What Contaminants Do Water Filters Remove?

Water filters remove a wide range of contaminants depending on the filtration technology used. The most effective home filtration systems — particularly reverse osmosis — can remove over 99% of lead, arsenic, nitrates, PFAS, bacteria, viruses, heavy metals, and hundreds of other contaminants. However, no single filter type removes everything, and many common filters like standard pitcher filters or activated carbon blocks only address a specific subset of contaminants such as chlorine, chloramines, and some heavy metals.

The U.S. Environmental Protection Agency (EPA) regulates over 90 contaminants in public drinking water, and the Environmental Working Group (EWG) has detected more than 300 contaminants in U.S. tap water through its National Tap Water Database. Understanding which filter removes which contaminant is the only way to ensure your specific water concern is actually being addressed.

The Main Categories of Water Contaminants

Water contaminants fall into five broad categories, each requiring different filtration approaches. Knowing which category your concern falls into is the first step to selecting an effective filter.

• Microbial contaminants: Bacteria, viruses, protozoa, and cysts such as Giardia and Cryptosporidium. These are biological organisms that cause gastrointestinal illness and serious infection.
• Heavy metals and inorganic chemicals: Lead, arsenic, mercury, cadmium, chromium-6, nitrates, and fluoride.
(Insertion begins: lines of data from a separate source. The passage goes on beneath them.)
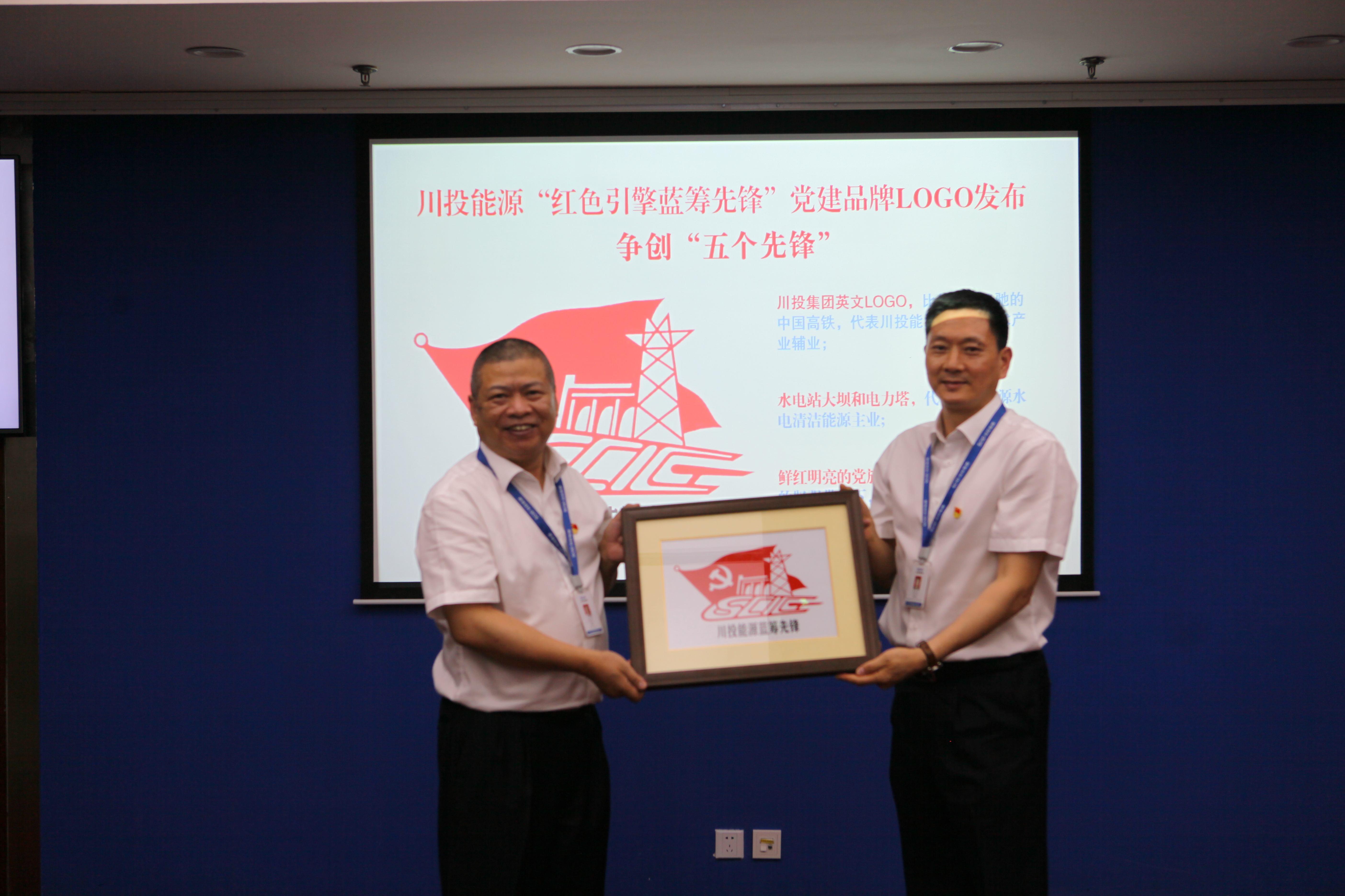 在公司黨建品牌標(biāo)識(shí)發(fā)布會(huì)上,黨委書記楊洪與紀(jì)委書記冉蘭平共同為黨建品牌標(biāo)識(shí)揭牌。在黨建品牌的帶動(dòng)引領(lǐng)下,公司的黨建品牌建設(shè)已經(jīng)形成了“一條主線串,各自放異彩”的良好局面。由川投能源所屬天彭電力黨員莊叢燦設(shè)計(jì)創(chuàng)作的黨建品牌標(biāo)識(shí),要素兼顧、設(shè)計(jì)新穎、要義突出,用川投集團(tuán)英文LOGO,比作急速飛馳的中國(guó)高鐵,代表川投能源的高新技術(shù)產(chǎn)業(yè)輔業(yè);水電站大壩和電力塔,代表川投能源水電清潔能源主業(yè);鮮紅明亮的黨旗,喻作風(fēng)帆,寓意在黨的堅(jiān)強(qiáng)帶領(lǐng)下,川投能源乘風(fēng)破浪改革前行的美好景象。
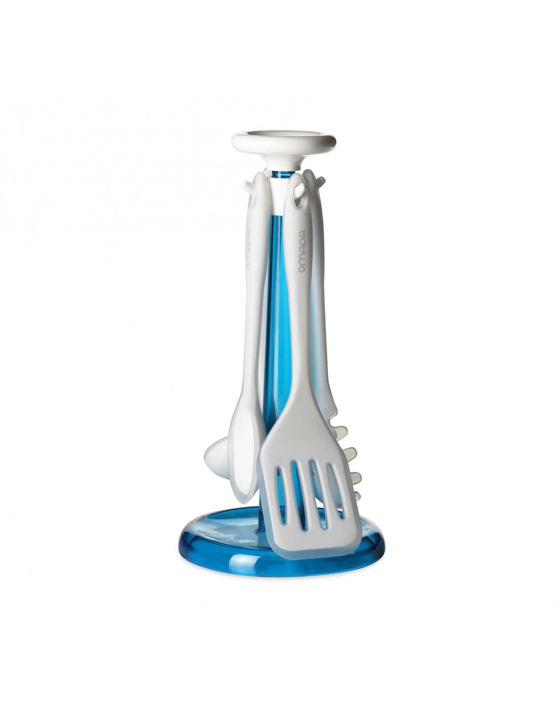 Porta mestoli composto da 4 mestoli, in acrilico e silicone, con base colorata.
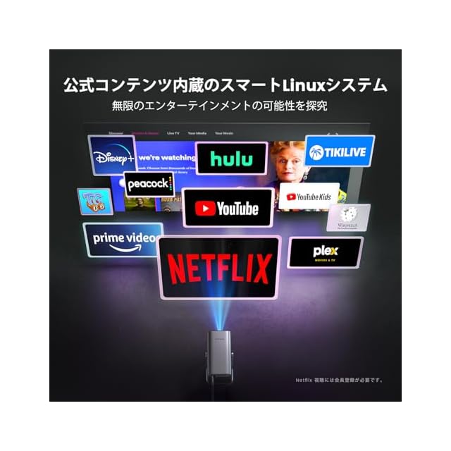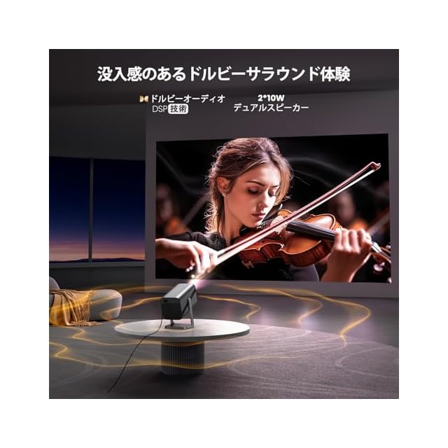 ➤【究極の体験!Netflix公式認証ホームプロジェクター】 Netflixの公式ライセンスを受けたこのスマートプロジェクターは、HDCPの制限を突破し、海賊版コンテンツによる黒画面のリスクを排除します。Netflix、Prime Video、YouTube、120万本以上の動画にワンタッチでアクセス。内蔵のOpen Browser、私のアプリ、APP ストアで、娯楽を自分好みにカスタマイズできます。この家庭用プロジェクターは定期的にアップデートされ、最新の機能を利用できるようになり、アプリの安全性と安定性が強化されます。このホームプロジェクターは公式ドルビー認証をサポートし、映画の中心に入り込むような没入感のある3Dサウンド体験を実現します。最先端のAIサウンドバランス技術と組み合わせることで、詳細な音質と滑らかな音響効果を実現します。
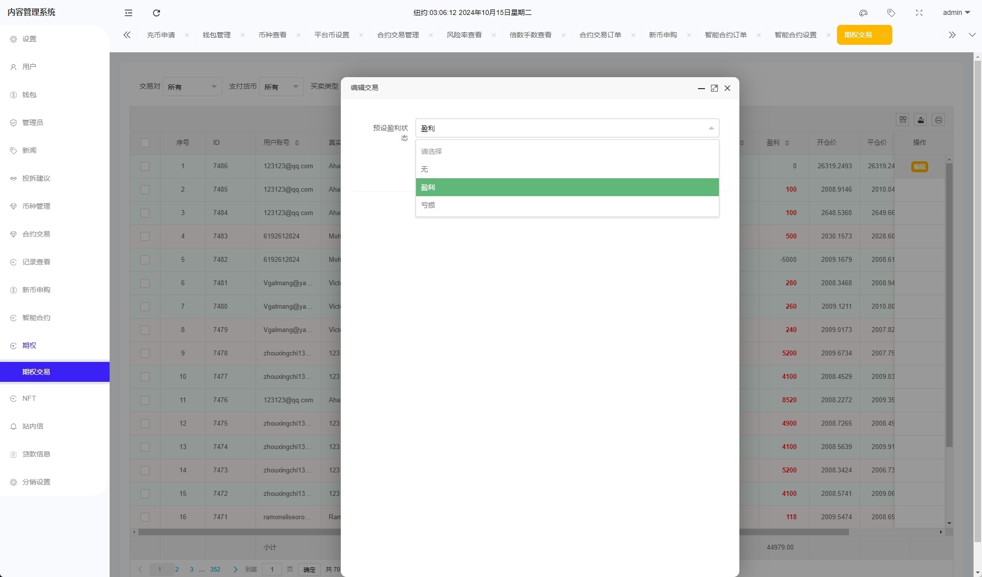期权交易(俗称秒合约-盈亏控制-单控-群控)
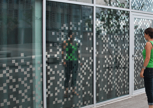 « L'oeuvre évoque un paysage pixélisé composé d'une alternance de miroirs sans tain et d'espaces vitrés. Elle propose un espace d'expérimentation posant la question de l'altérité au travers de la reconnaissance de soi, des autres et de l'environnement par un processus de déconstruction et de reconstruction de l'image. - Le miroir sans tain fonctionne en biface, sa qualité réflexive peut apparaître des deux côtés de la vitre et ce en fonction de la quantité de lumière. -
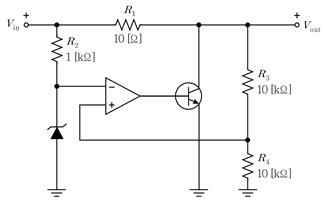 다음 선형 병렬 전압 조정기(shunt regulator)의 R1에서 소모되는 최대 전력[W]은? (단, 입력의 범위는 0≤Vin≤10[V]이며, 모든 회로 소자는 이상적이다)
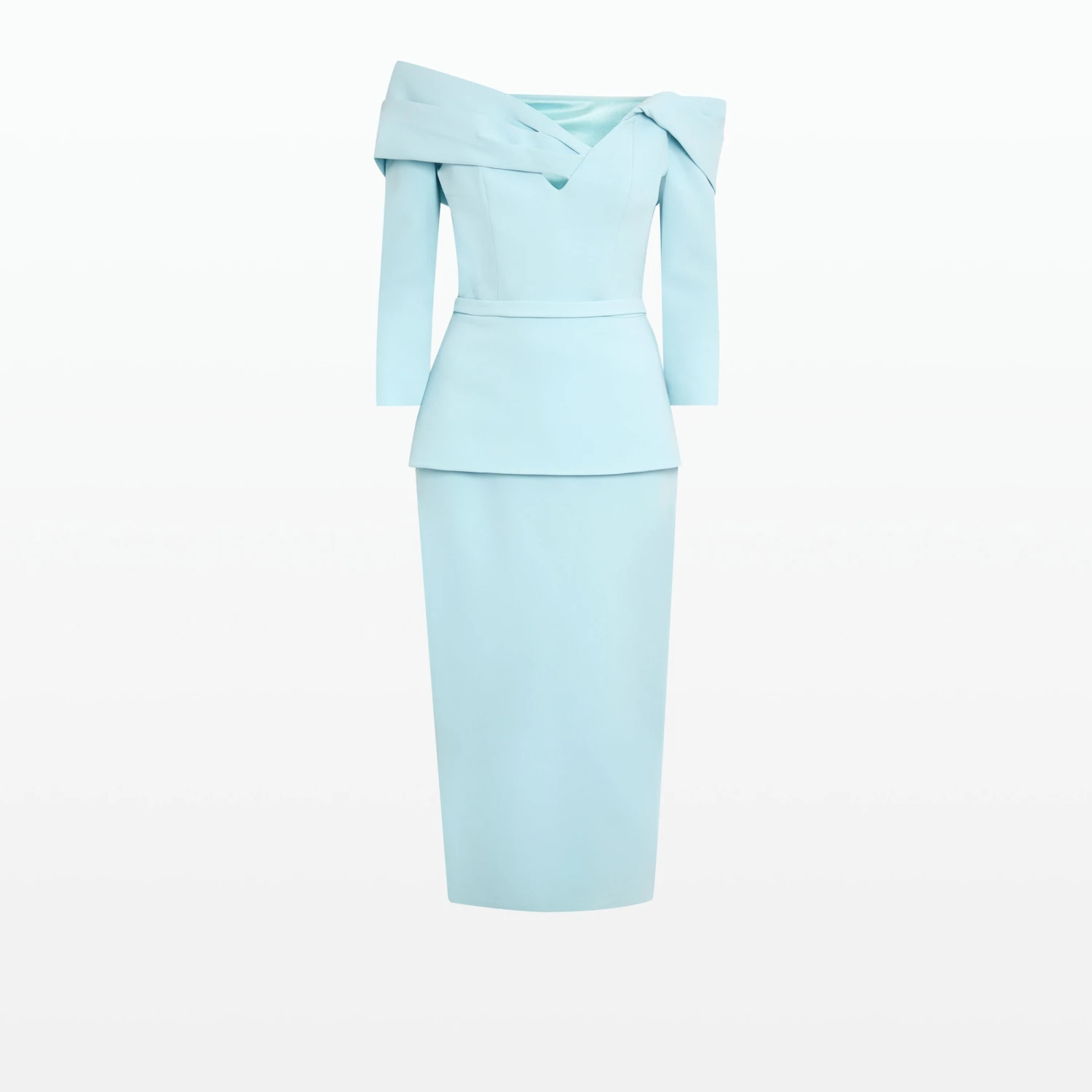 Flattering cocktail dress with peplum and considered bust drape in baby blue Heavy Crepe.
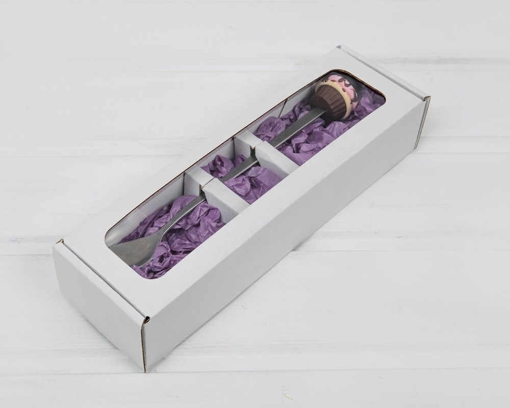 Коробка предназначена для упаковки вкусной ложки, а без вкладыша подходит для небольших плоских изделий. Наличие прозрачной крышки позволяет увидеть содержимое коробки.
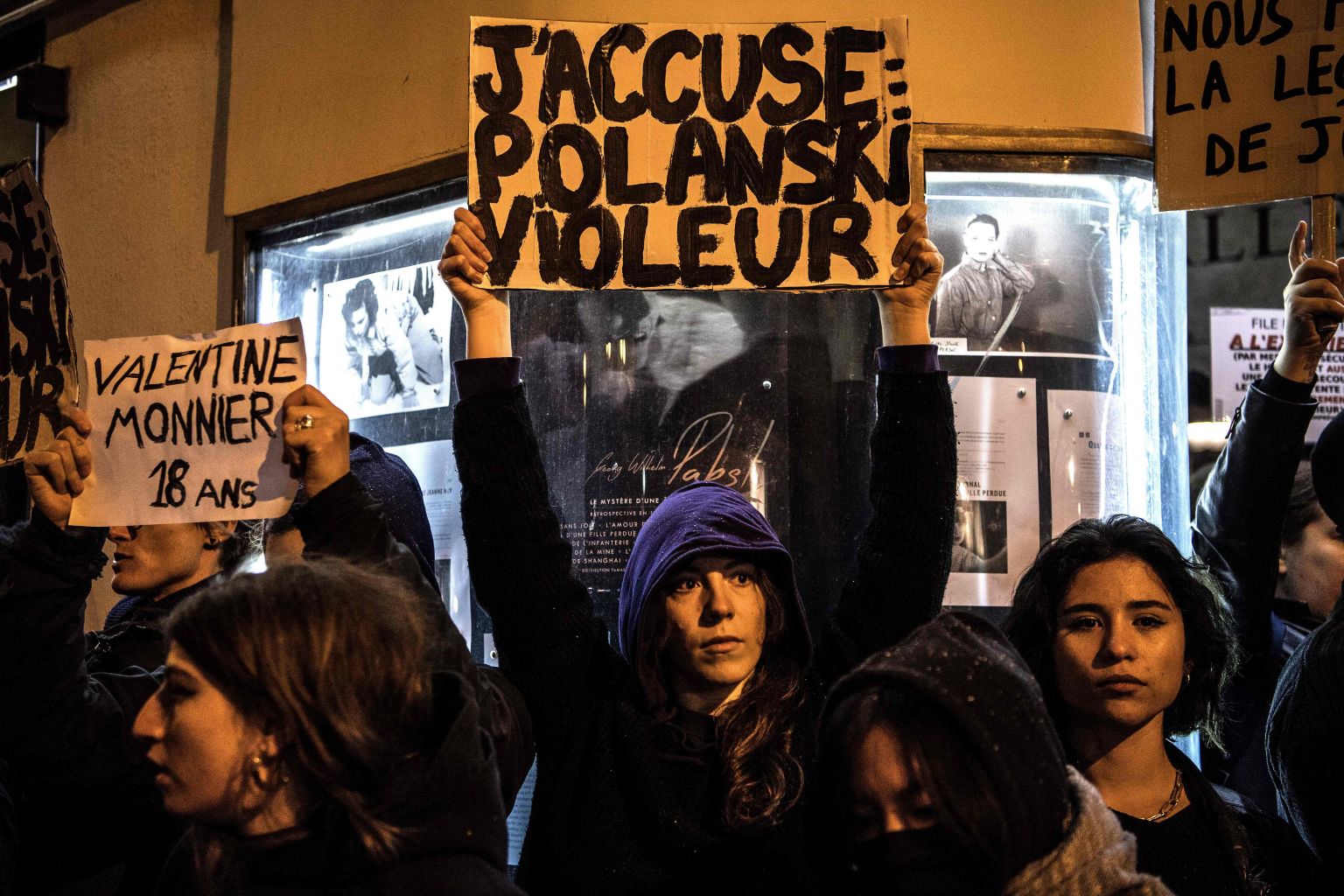 Demonstrators hold banners reading "I accuse: Polanski Rapist" during a protest outside the "Champo" cinema hall in Paris.

These enter water through aging pipes, agricultural runoff, and industrial discharge.
• Disinfection byproducts and chemical additives: Chlorine, chloramines, trihalomethanes (THMs), and haloacetic acids — created when municipal treatment chemicals react with organic matter in water.
• Emerging contaminants (PFAS, pharmaceuticals, microplastics): Per- and polyfluoroalkyl substances (PFAS), prescription drug residues, hormones, and microplastic particles — newer categories of concern with incomplete regulatory frameworks.
• Sediment and particulates: Rust, sand, silt, and suspended solids that affect taste, clarity, and can damage appliances.

What Activated Carbon Filters Remove

Activated carbon is the most widely used filtration medium, found in pitcher filters, under-sink carbon block filters, refrigerator filters, and shower filters. It works through adsorption — contaminant molecules bond to the carbon's enormous surface area (a single gram of activated carbon can have a surface area exceeding 1,000 square meters).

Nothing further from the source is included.